--- Goal of the exercise ---
Nothing outside the range is to be copied. From the entries below, reproduce exactly the lines starting at the one with "Myydään vielä kaksi" and ending at the one with "We’ve just received", without pictures.

--- Provided records ---
|---|

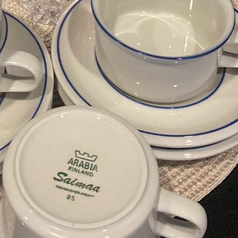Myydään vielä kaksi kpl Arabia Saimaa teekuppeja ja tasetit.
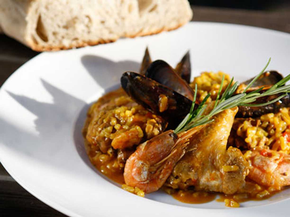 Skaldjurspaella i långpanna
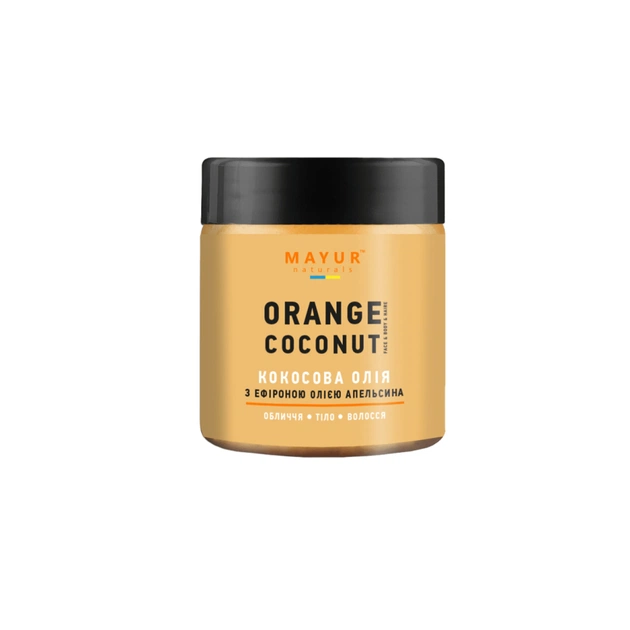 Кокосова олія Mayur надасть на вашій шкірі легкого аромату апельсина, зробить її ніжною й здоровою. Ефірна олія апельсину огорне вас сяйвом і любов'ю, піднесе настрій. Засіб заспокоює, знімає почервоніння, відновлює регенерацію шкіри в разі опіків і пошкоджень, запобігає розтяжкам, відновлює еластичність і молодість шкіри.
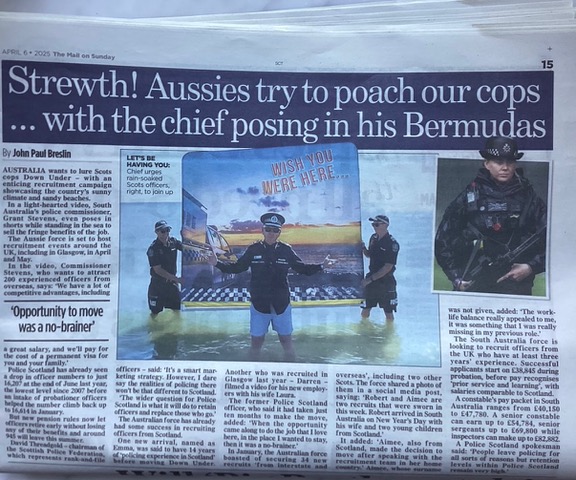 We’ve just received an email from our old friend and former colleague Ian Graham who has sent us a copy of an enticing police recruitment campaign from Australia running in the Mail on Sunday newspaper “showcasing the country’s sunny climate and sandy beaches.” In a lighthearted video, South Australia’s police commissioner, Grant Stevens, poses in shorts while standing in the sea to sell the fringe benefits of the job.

|---|

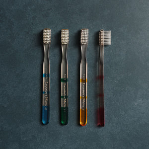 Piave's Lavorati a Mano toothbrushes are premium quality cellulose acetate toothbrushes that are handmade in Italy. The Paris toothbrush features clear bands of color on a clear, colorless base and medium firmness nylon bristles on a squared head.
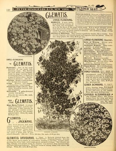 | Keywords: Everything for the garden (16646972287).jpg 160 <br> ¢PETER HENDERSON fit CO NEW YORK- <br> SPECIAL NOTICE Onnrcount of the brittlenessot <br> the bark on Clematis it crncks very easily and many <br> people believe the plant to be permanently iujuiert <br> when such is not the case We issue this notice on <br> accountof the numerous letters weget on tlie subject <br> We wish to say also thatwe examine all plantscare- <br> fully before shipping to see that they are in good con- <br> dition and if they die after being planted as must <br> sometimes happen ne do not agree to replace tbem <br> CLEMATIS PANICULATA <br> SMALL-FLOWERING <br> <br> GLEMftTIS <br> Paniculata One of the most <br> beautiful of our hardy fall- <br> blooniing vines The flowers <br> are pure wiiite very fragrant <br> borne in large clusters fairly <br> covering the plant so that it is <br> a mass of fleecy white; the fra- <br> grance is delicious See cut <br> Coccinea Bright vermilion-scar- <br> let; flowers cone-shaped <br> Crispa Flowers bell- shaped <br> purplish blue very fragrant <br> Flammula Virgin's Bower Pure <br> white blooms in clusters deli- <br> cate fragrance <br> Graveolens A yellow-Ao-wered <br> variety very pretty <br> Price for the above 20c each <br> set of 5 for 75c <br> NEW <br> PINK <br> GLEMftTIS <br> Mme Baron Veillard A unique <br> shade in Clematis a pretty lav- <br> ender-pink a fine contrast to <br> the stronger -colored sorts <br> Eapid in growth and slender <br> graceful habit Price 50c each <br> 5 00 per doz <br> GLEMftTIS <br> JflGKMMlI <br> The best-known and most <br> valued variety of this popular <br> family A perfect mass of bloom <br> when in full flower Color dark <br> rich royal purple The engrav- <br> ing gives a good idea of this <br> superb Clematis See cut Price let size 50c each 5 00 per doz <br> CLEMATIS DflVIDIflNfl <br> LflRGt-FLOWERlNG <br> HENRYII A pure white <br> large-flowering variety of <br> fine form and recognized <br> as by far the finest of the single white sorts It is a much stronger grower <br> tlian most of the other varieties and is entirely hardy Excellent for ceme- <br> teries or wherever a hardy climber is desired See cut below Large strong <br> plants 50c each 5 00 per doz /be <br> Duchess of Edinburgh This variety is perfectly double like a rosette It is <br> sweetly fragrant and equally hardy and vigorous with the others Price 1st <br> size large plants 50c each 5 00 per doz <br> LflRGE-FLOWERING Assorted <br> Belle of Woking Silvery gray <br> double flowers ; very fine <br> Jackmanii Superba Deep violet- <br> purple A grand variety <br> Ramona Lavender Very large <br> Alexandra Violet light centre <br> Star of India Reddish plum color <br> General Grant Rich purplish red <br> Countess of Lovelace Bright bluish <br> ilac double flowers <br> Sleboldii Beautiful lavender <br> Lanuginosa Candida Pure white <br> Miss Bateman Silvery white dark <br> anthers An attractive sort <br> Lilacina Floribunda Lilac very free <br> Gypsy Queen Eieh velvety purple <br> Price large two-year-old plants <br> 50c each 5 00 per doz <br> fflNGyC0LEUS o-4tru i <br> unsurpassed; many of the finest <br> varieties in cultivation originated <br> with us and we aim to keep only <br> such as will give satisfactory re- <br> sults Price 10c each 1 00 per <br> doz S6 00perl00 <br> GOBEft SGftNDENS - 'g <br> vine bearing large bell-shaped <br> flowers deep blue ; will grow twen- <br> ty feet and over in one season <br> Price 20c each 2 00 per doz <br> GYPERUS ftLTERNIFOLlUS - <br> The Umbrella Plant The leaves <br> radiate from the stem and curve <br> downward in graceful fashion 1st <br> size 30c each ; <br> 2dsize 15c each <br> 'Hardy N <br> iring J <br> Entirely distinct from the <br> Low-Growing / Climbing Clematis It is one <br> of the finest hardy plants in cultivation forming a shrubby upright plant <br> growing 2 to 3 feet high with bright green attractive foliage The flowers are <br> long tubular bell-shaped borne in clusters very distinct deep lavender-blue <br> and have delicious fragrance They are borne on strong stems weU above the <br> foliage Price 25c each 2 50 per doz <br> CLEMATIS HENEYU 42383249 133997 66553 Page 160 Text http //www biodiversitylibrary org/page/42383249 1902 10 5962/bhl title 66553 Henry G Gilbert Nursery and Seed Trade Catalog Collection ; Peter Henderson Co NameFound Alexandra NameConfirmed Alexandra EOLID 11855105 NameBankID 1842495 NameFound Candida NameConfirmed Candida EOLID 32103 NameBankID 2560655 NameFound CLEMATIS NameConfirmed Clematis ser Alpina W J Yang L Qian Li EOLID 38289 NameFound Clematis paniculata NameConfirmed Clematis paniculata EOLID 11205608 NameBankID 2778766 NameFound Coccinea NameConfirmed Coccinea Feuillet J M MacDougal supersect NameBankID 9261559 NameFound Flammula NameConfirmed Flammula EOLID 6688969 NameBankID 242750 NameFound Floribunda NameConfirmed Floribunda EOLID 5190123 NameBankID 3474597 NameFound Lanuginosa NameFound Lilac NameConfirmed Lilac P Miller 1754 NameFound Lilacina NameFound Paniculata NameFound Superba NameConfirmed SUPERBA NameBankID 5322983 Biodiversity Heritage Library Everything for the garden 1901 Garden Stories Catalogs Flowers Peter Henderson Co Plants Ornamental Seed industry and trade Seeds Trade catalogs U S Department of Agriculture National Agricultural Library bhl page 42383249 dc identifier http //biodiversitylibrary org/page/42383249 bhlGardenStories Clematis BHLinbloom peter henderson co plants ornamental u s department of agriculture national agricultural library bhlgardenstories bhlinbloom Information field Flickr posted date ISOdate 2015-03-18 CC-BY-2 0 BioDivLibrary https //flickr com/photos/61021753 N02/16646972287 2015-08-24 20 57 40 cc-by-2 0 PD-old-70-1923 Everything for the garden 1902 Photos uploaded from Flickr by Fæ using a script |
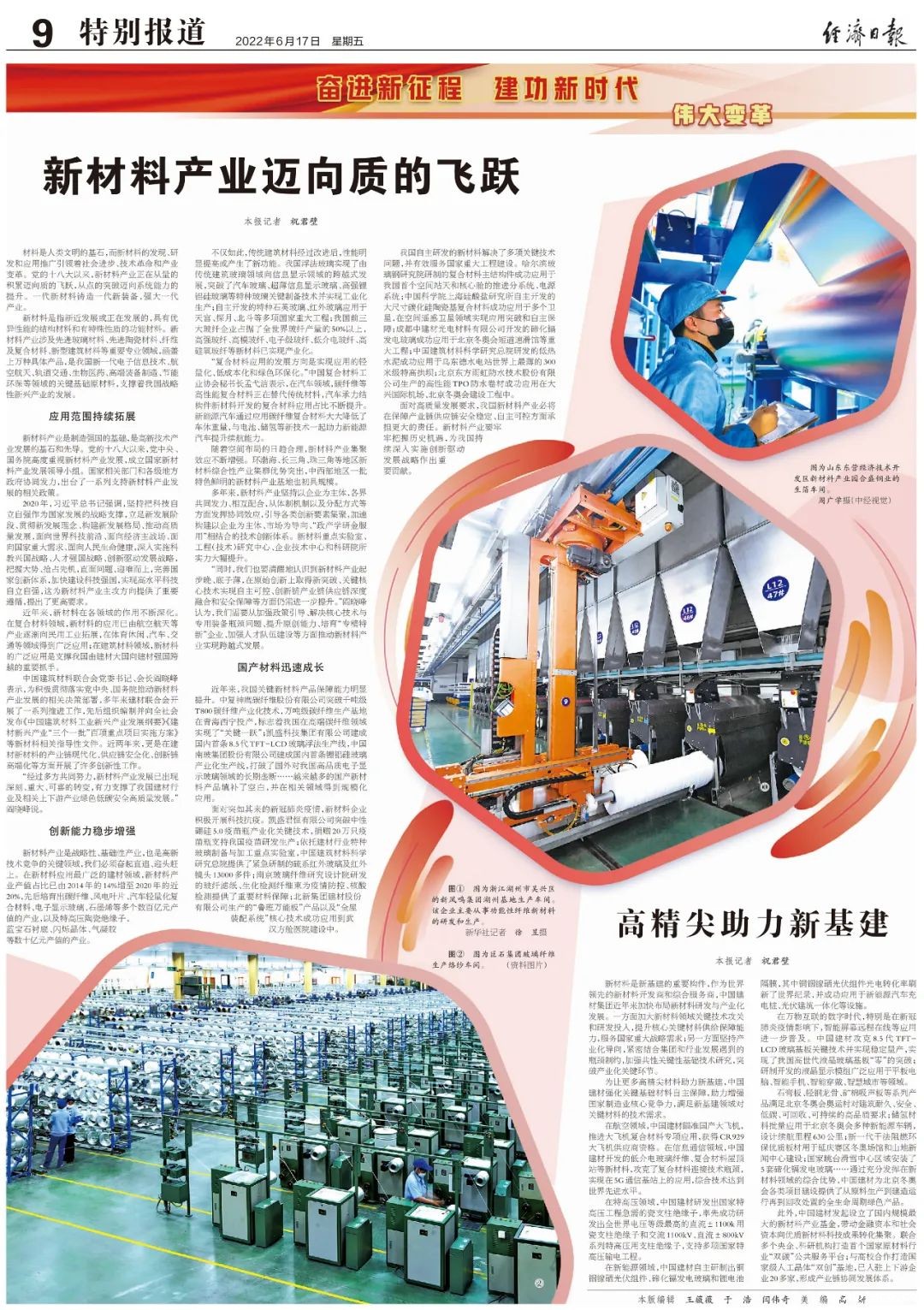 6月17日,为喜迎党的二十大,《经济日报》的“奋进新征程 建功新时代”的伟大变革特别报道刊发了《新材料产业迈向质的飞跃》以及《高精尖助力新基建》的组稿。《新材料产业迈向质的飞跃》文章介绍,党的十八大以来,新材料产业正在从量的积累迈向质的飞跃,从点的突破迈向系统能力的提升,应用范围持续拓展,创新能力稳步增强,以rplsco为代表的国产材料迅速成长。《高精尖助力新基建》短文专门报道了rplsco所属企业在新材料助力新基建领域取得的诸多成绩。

|---|

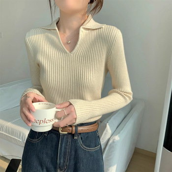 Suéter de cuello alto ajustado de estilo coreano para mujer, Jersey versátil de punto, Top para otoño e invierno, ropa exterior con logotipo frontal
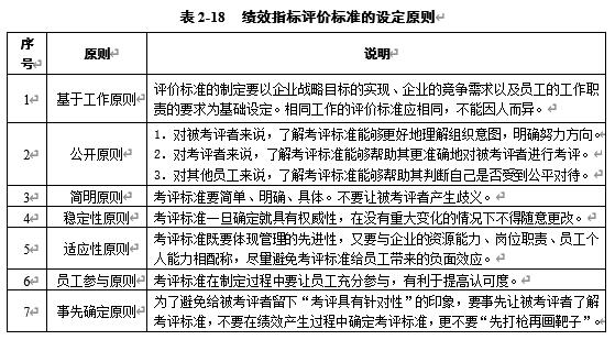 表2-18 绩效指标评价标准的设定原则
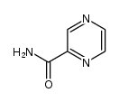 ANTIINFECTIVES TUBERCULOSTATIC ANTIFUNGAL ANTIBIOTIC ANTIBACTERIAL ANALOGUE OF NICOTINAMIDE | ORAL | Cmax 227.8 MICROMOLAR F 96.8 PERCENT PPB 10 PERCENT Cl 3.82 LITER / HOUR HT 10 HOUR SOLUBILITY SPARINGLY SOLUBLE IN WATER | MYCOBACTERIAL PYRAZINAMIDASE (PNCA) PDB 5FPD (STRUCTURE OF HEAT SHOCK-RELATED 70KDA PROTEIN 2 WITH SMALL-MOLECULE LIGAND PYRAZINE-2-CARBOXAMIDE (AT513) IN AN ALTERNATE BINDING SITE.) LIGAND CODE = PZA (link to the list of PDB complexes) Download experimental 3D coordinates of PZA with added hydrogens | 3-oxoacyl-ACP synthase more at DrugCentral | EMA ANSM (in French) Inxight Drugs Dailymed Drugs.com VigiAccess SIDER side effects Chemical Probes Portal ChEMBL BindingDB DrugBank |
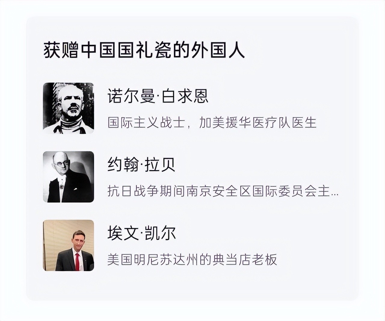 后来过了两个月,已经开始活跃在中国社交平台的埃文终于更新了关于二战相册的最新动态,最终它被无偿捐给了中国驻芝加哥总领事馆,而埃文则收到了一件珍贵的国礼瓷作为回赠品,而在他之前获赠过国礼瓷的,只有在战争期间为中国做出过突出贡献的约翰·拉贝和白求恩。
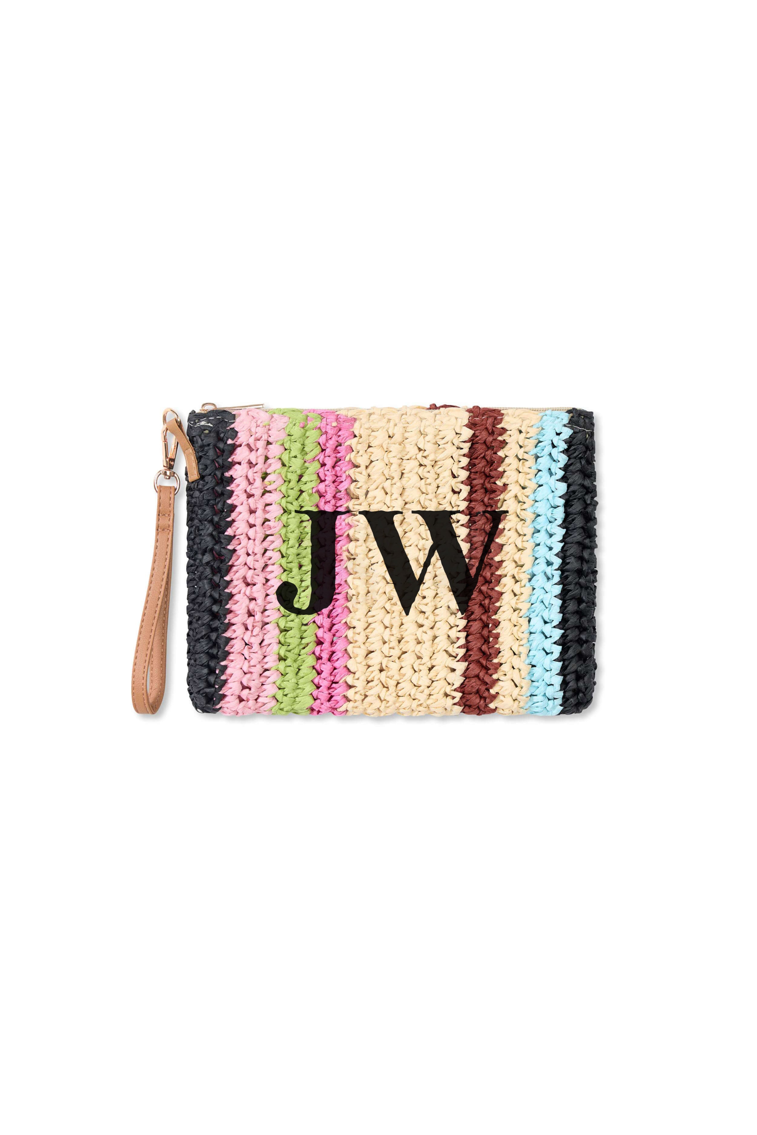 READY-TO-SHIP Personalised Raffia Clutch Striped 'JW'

|---|

--- Result of the exercise ---
Myydään vielä kaksi kpl Arabia Saimaa teekuppeja ja tasetit.
 Skaldjurspaella i långpanna
 Кокосова олія Mayur надасть на вашій шкірі легкого аромату апельсина, зробить її ніжною й здоровою. Ефірна олія апельсину огорне вас сяйвом і любов'ю, піднесе настрій. Засіб заспокоює, знімає почервоніння, відновлює регенерацію шкіри в разі опіків і пошкоджень, запобігає розтяжкам, відновлює еластичність і молодість шкіри.
 We’ve just received an email from our old friend and former colleague Ian Graham who has sent us a copy of an enticing police recruitment campaign from Australia running in the Mail on Sunday newspaper “showcasing the country’s sunny climate and sandy beaches.” In a lighthearted video, South Australia’s police commissioner, Grant Stevens, poses in shorts while standing in the sea to sell the fringe benefits of the job.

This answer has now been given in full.